### [REQUIRED ACTION]
Taking the line with "먼저, 우리 축구대표팀의 현재 상황을 살펴보겠습니다. 현재 대한민국은 B조에서" as the first and the line with "3 side tables" as the last, set down exactly every line in that range from the entries below, and no more.

### [RECORDS PROVIDED]
"""
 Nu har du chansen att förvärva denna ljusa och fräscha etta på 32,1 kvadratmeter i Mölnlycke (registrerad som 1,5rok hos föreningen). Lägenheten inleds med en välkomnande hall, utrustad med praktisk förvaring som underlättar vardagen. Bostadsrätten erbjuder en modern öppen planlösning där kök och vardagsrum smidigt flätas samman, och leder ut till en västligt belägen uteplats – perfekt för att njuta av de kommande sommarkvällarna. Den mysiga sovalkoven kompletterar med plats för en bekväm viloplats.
"""
"""
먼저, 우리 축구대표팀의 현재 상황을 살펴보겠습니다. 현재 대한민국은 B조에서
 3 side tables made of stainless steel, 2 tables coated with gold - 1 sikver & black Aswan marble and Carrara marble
"""
### [OUTPUT FOR THIS EXERCISE]
먼저, 우리 축구대표팀의 현재 상황을 살펴보겠습니다. 현재 대한민국은 B조에서
 3 side tables made of stainless steel, 2 tables coated with gold - 1 sikver & black Aswan marble and Carrara marble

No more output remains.